BEGIN
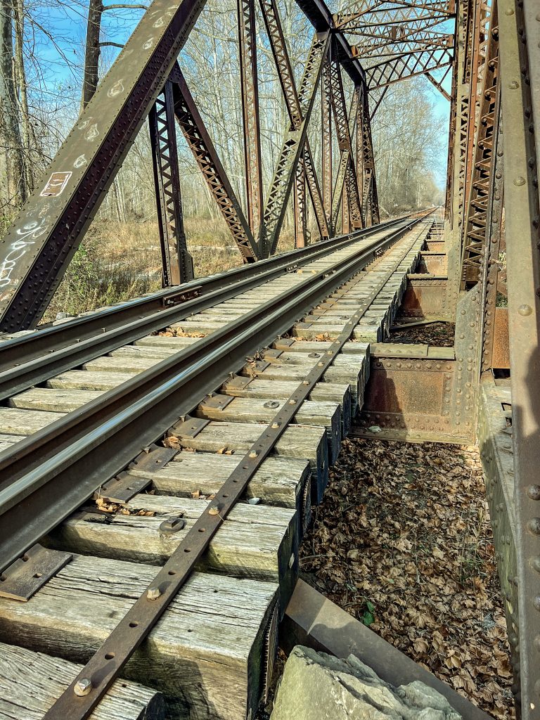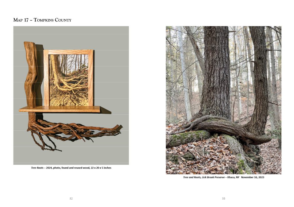 In 2017, I did not have the slightest inkling about creating a series of sculptures about the trail. So in 2023, when I realized that I had very few photos from Map 17, I asked my friend, Susan Larkin, to hike part of that map with me again. We set out together on a crisp, sunny November morning. I thought this train bridge would be the answer. Then we continued up the hill toward Lick Brook Preserve. I captured some images of a tree with its roots exposed by erosion. One of those photos inspired the sculpture shown on page 32.
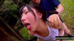 Kana Yura ambushed outdoors fucks in oil barrel, deepthroat squirting and creampie. Extreme domination action, petite Idol gets rough sex.
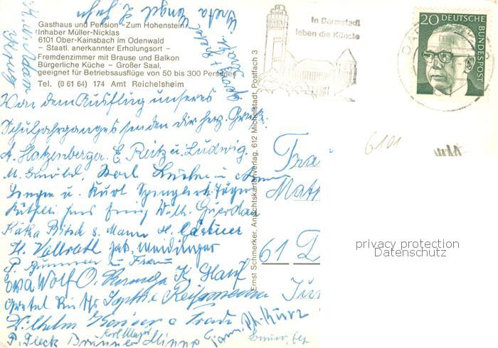 73776057 alte Postkarte Ober-Kainsbach Gasthaus Pension Zum Hohenstein postalisch gelaufen Erhaltung siehe scans [WerneD78] KatCode: 11110006437013
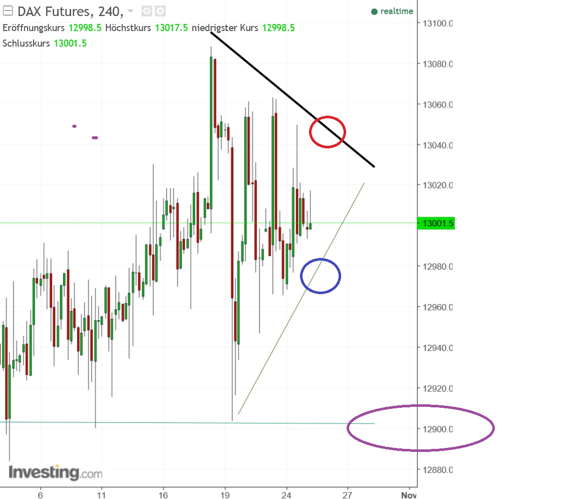 GDAXi aktuell bei 13001, schwarze Linie fallend bei 13050 - bin darüber long ..
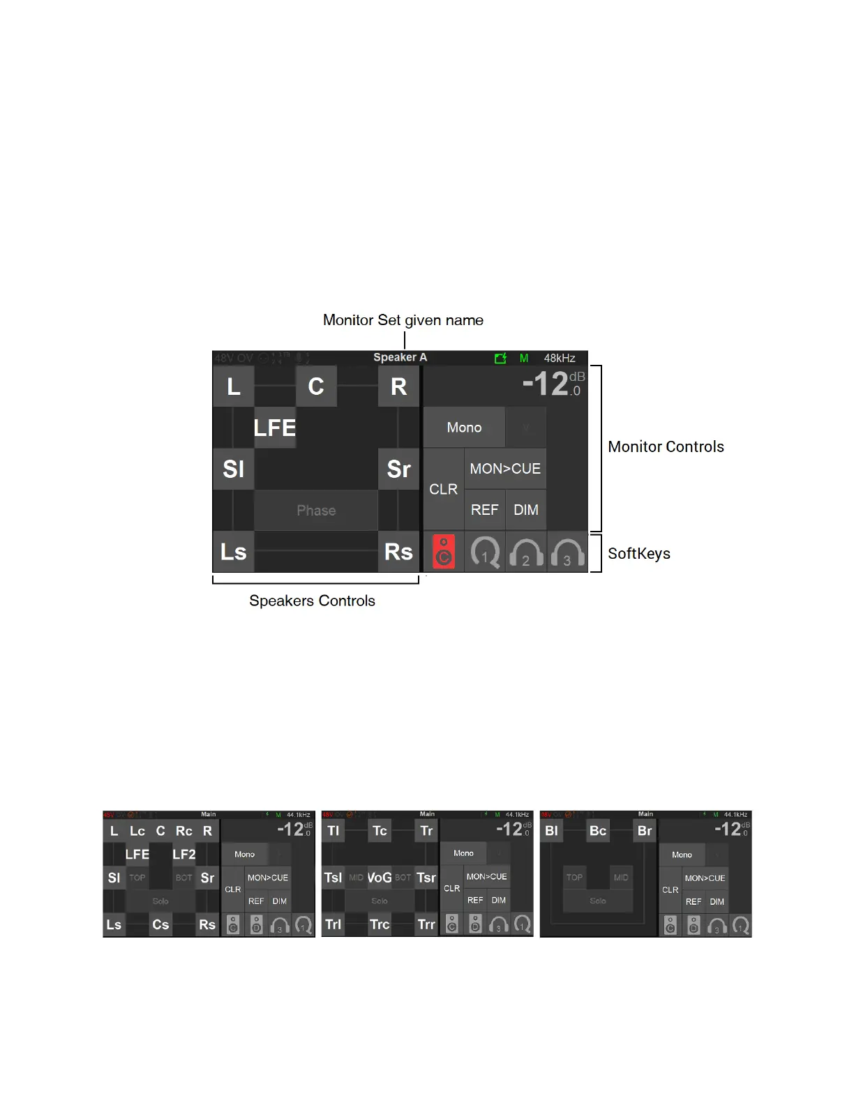 of a Monitoring Set is represented by a button given the name of the speaker channel type.
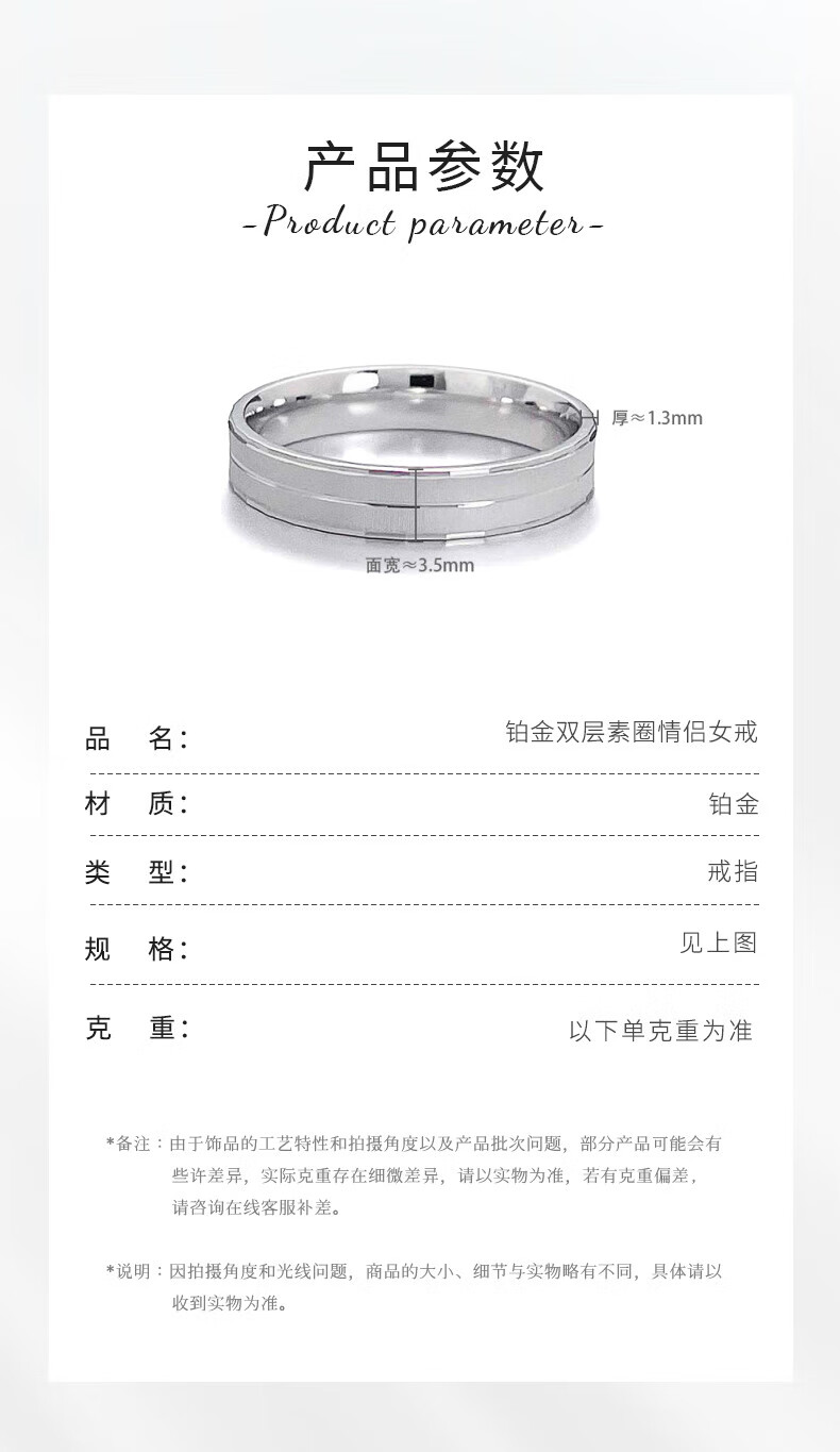 China Gold (CHINA GOLD) Platinum Ring Platinum Double Layer Ring Couple Ring Gifts Girlfriend Gifts Women's Ring Approximately 4.15g
END
*The task:* Final task for the records above: print exactly the lines from the one that contains "73776057 alte Postkarte" through the last line, both ends included, pictures excluded.

*Written response:*
 73776057 alte Postkarte Ober-Kainsbach Gasthaus Pension Zum Hohenstein postalisch gelaufen Erhaltung siehe scans [WerneD78] KatCode: 11110006437013
 GDAXi aktuell bei 13001, schwarze Linie fallend bei 13050 - bin darüber long ..
 of a Monitoring Set is represented by a button given the name of the speaker channel type.
 China Gold (CHINA GOLD) Platinum Ring Platinum Double Layer Ring Couple Ring Gifts Girlfriend Gifts Women's Ring Approximately 4.15g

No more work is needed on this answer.